■ WHAT THIS TASK INVOLVES: Leave out the pictures, and print exactly the lines from the one holding "133(3), 141(2). 1874." through the last line of the material.

■ DATA FOR PROCESSING:

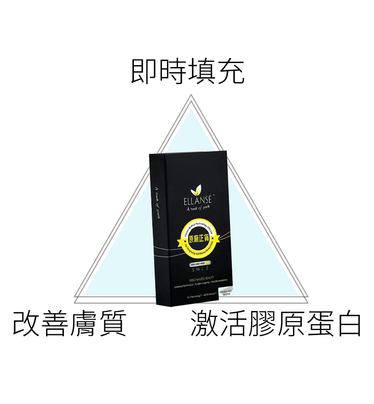 ELLANSE 少女針不同於傳統填充劑僅提供暫時性體積補充,並具有雙重效果,CMC凝膠能夠立即填充,而 PCL微型晶球可以刺激自體第一型膠原蛋白再生,加上拉提塑形效果,提供「三合一」功效,能填充凹陷位置,達致豐盈飽滿、提拉去皺、使面部線條更加完美。
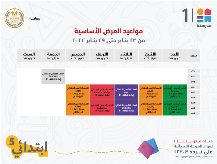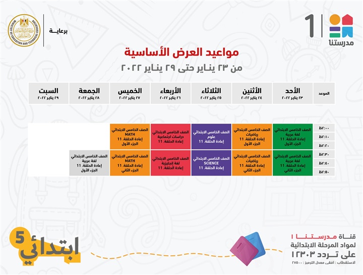 أمور وطلاب الصف الخامس الابتدائي، معرفة مواعيد عرض الدروس التعليمية من خلال مشاهدة
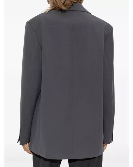 charcoal grey front button fastening two front flap pockets buttoned cuffs notched lapels
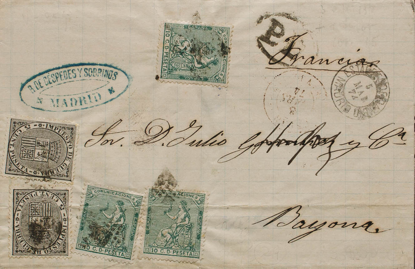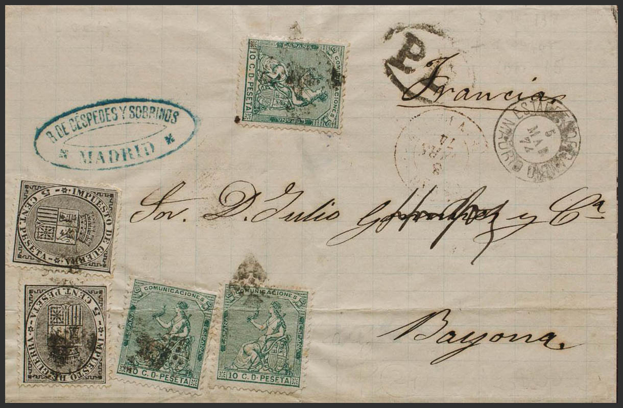 133(3), 141(2). 1874. 10 cts verde, tres sellos y 5 cts negro, dos sellos. MADRID a BAYONA (FRANCIA). Los sellos de Impuesto de Guerra son aplicados para completar la tarifa de 40 cts a Francia (doblez de archivo). MAGNIFICA Y RARISIMA COMBINACION DE FRANQUEO.
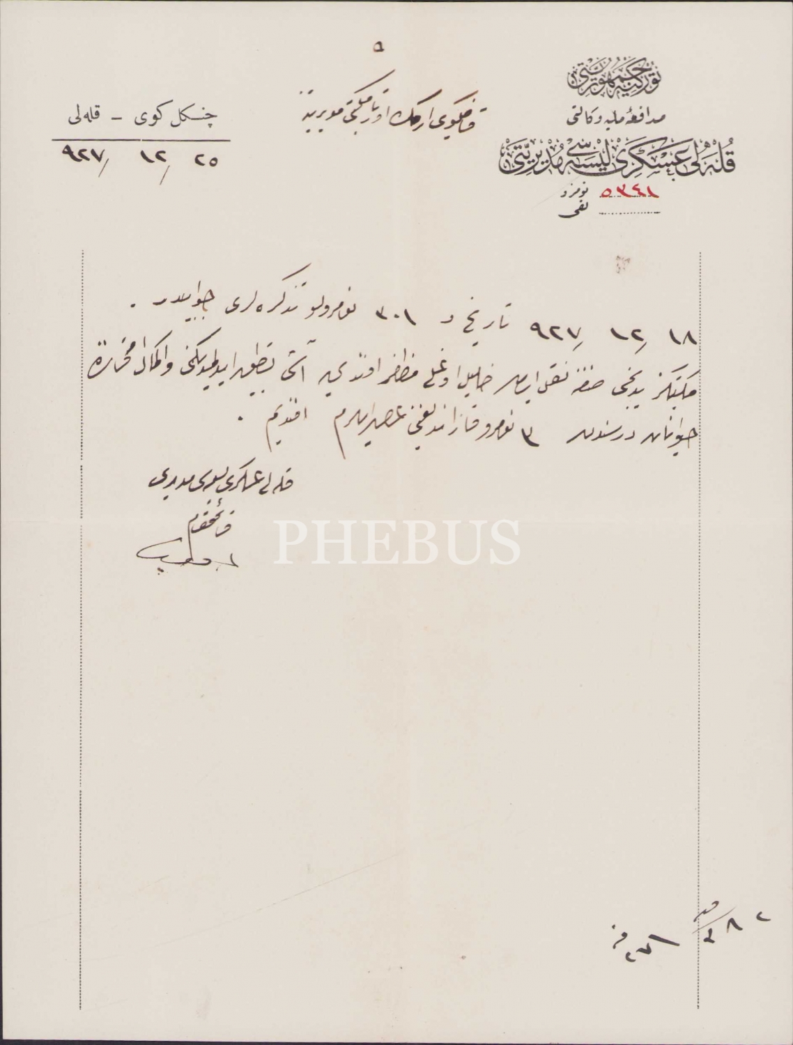 Osmanlıca TC Kuleli Askeri Lisesi Müdüriyeti antetli 1927 tarihli doküman, 15x20 cm
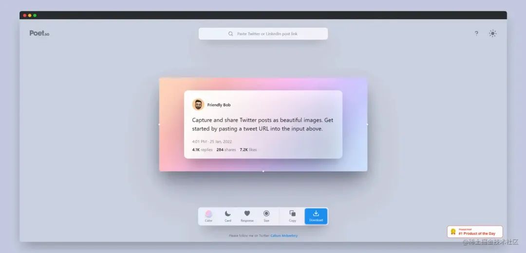 Poet.so 是一个免费的在线工具,可以帮助用户创建漂亮的代码片段高亮截图。它提供了一个简单的界面,让用户可以输入自己的代码,并选择不同的主题、字体和配色方案。用户还可以调整代码的对齐方式、行号、背景和阴影等等,以便更好地控制截图效果。Poet.so 还支持多种语言的代码,例如 JavaScript、Python、HTML、CSS 等等,可以自动高亮显示代码关键字。最终生成的截图可以直接下载或分享到社交媒体,非常方便。与其他类似的工具不同,Poet.so 还支持将代码片段转换为 Markdown 格式,以便更好地嵌入到文档中。
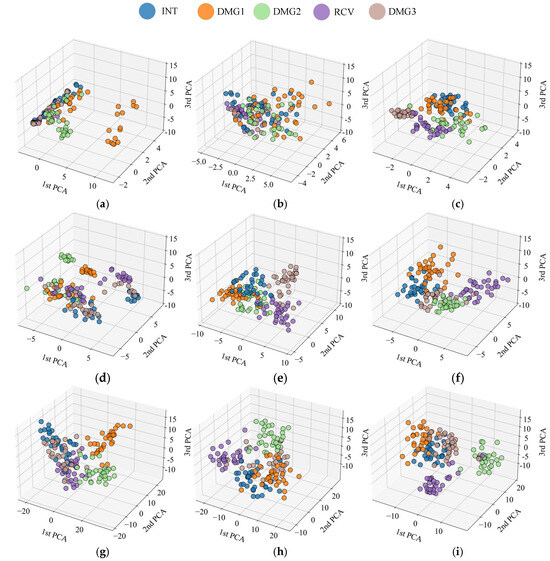 - Razavi, M.; Hadidi, A.; Ashrafzadeh, F. Feature extraction based on dynamic response measurements for structural damage identification: A comparative study. J. Struct. Integr. Maint. 2024, 9, 2364125. [Google Scholar] [CrossRef]
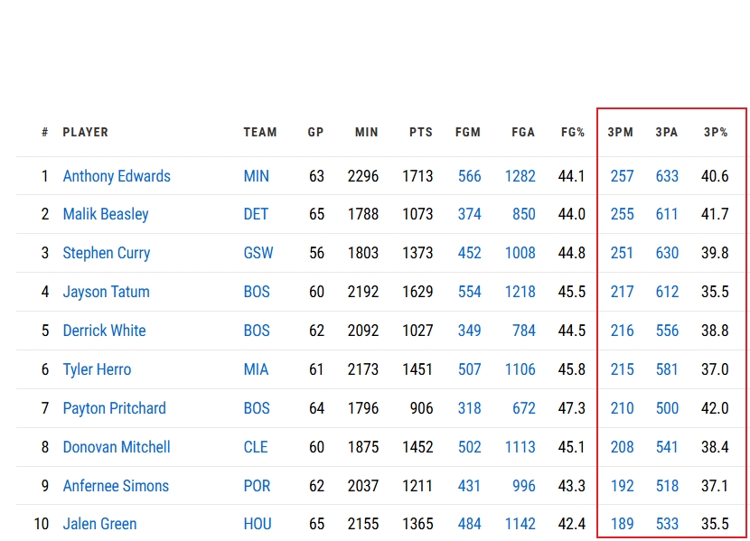 聯盟三分榜,愛德華茲繼續位居榜首(257記),比斯利排名第二(255記),庫里今日之后超越250記,三分總數來到251記,迅速逼近。

■ EXERCISE RESULT:
 133(3), 141(2). 1874. 10 cts verde, tres sellos y 5 cts negro, dos sellos. MADRID a BAYONA (FRANCIA). Los sellos de Impuesto de Guerra son aplicados para completar la tarifa de 40 cts a Francia (doblez de archivo). MAGNIFICA Y RARISIMA COMBINACION DE FRANQUEO.
 Osmanlıca TC Kuleli Askeri Lisesi Müdüriyeti antetli 1927 tarihli doküman, 15x20 cm
 Poet.so 是一个免费的在线工具,可以帮助用户创建漂亮的代码片段高亮截图。它提供了一个简单的界面,让用户可以输入自己的代码,并选择不同的主题、字体和配色方案。用户还可以调整代码的对齐方式、行号、背景和阴影等等,以便更好地控制截图效果。Poet.so 还支持多种语言的代码,例如 JavaScript、Python、HTML、CSS 等等,可以自动高亮显示代码关键字。最终生成的截图可以直接下载或分享到社交媒体,非常方便。与其他类似的工具不同,Poet.so 还支持将代码片段转换为 Markdown 格式,以便更好地嵌入到文档中。
 - Razavi, M.; Hadidi, A.; Ashrafzadeh, F. Feature extraction based on dynamic response measurements for structural damage identification: A comparative study. J. Struct. Integr. Maint. 2024, 9, 2364125. [Google Scholar] [CrossRef]
 聯盟三分榜,愛德華茲繼續位居榜首(257記),比斯利排名第二(255記),庫里今日之后超越250記,三分總數來到251記,迅速逼近。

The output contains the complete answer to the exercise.